I wish to use this as a premise to explore how to improve the programmer’s lot. So, please, no matter your opinion on the subject, grant me this assumption for the sake of argument.

One could go many places with this premise, but what concerns me here is the following consequence: if programmers are human, then the study of human factors ought to shed some light on how to design the most basic tools programmers use: APIs, programming languages, and the like.

Just to be clear, when I say human factors, I am referring to the design practices for all things people use, not just human-computer interaction (HCI). People who design doorknobs, car dashboards, graphical layouts, and martini shakers have a long head start on HCI, and good HCI practitioners look to this experience to inform their own work. Now it’s our turn.

The human-factors folks have been doing research and establishing approaches and rules of thumb for years, but rarely if ever do we directly apply them to our API designs. This is a major failing. When we discuss design principles, we should leverage all the tools that can be made to serve. Tools that help us understand how to make something more usable with fewer errors and more comfort—the basic focus of human-factors research—should be embraced and adapted. I firmly believe that importing the decades of this research into how we approach API and other software designs can make a rapid and impressive improvement in productivity and reduced bug rates.

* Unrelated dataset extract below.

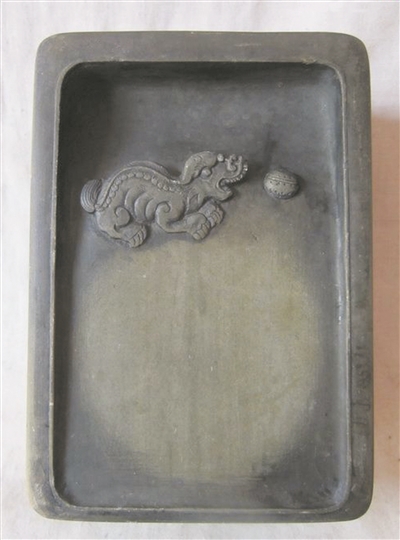 洮砚,亦称“洮河砚”,其料取于甘肃洮河,与端砚、歙砚、澄泥砚并称“四大名砚”。洮砚,呈绿色,亦有赤紫色者。古人称绿色洮砚为“鸭头绿”“绿漪石”“鹦哥绿”。早在唐代时,洮砚就广为流行,宋朝时因其珍贵,而被选为贡品。宋代大书法家黄庭坚对洮砚有“久闻岷石鸭头绿,可磨桂溪龙文刀。莫嫌文吏不知武,要试饱霜秋兔毫”之赞誉。到了元代,战事纷沓,交易渠道梗阻不畅,洮砚石矿料开采和制砚出现停顿中断现象。那时的洮砚极为稀少,金朝诗人元好问赋诗曰:“县官岁费六百万,才得此砚来临洮。”明代,为了控制滥采的混乱局面,朝廷派官员把守石矿,实行有序开采。清代,洮砚仍然是贡品,然而由于近千年的持续开采,此时的洮砚,已经是一砚难求了。

FIRST EXAMPLE: PROGRESSIVE DISCLOSURE

As API designers we may talk about a trade-off between simplicity and power, but we can look to human factors to find tools to address it. One such tool is progressive disclosure: rather than put expert-level features at the same level as basic ones, you put them behind a door marked “expert.” Consider the car, where most folks can work with the controls in the cabin but, with a few exceptions (such as washer fluid), they never need to open the hood. You know the engine is there, but most people just leave that part alone. A few experts do open it up and adjust the car with these expert-level controls, and if you want to do it, you know where to look. But if operating a car presented you with the entire engine as a control structure, most humans would find driving dauntingly complex, even if they just had to learn not to look at “all them wires and tubes and valves and things.”

You see progressive disclosure fairly often in GUI designs, typically as an Advanced or Expert button. This might expose settings for Web proxies in a browser or a rarely needed configuration for adjusting color balances on a printer.

We could do the same thing with APIs. For example, the Java Swing JButton class—the basic GUI button—has well over 100 methods. But if you think about GUI buttons, there are only a half-dozen things you typically care about most of the time. When presented with this massive complexity, how are you to tell where to start? Should you be adjusting the preferred or minimum size? What happens if you change the text? Do you need to fire those things called “change listeners,” and if so, which kind?

To start getting this nonsense under control, you can start by breaking the JButton methods down into three major groups:

The basic methods needed by most of us (set text/icon, add a callback listener for when the button is pressed).
The expert methods for folks who want to get in and tweak (the font, color, border style).
The integration methods needed by folks who write GUI widgets in Swing, who are a very rare breed of programmer (sizes, firing off change listeners, re-parenting).

Now we could use progressive disclosure to help reduce the complexity of that JButton class: put the expert stuff in an object returned by a getExpertKnobs() method, and the graphics subsystem hooks in an object returned by a getIntegrationHooks() method, and you would be left with a button API that had just a handful of methods—the basic methods we all need.

The overall system would be a bit more complex if you simply count methods and types, but you should not fall into the trap of thinking all methods are the same. If you look at what is presented to the programmer, the system would go from well over 100 methods to consider when using a button to fewer than 10. All the power would be present and available, but only when you wanted it. For the most part, you could ignore it completely because they would be behind “doors” labeled, “You probably don’t need to look here.” If one were sufficiently brutal in exiling functionality to behind the doors, the API would almost be self-explanatory to the nonexpert user. (To be fair, Swing is not unique in its complexity. This malaise seems to infect most GUI frameworks of note, including the Microsoft Foundation Classes, the X11 toolkits, and so on.)

What progressive disclosure does here is reduce the surface area, a term I use to talk about how much users have to understand about something before feeling confident they can use it. The more methods in an API, the more a user has to read through and understand before knowing, for example, if changing the label is something as simple as calling setText or if one those other methods affects this. The larger the surface area, the harder it is to learn to use the tool well for even simple applications.

SECOND EXAMPLE: THE AUDIENCE

Another human-factors approach that could be applied to programmer tools is to consider the audience (sometimes called the user model). A good UI design has a notion of audience: What kinds of people are we designing for? What do they know, not know, and expect? If a UI has a clear and consistent audience, it is easier for users to make predictions about what the system will do. This reduces unpleasant surprises and means that the users can guess how to do things without reading the documentation (which they hardly ever do). Sounds like a pretty good feature in a programming language or API, doesn’t it?

This can work even if the user is not a part of the targeted audience. If you present a consistent model of some known kind of user, other kinds of users can potentially adapt, consciously or otherwise thinking via the role of the target user.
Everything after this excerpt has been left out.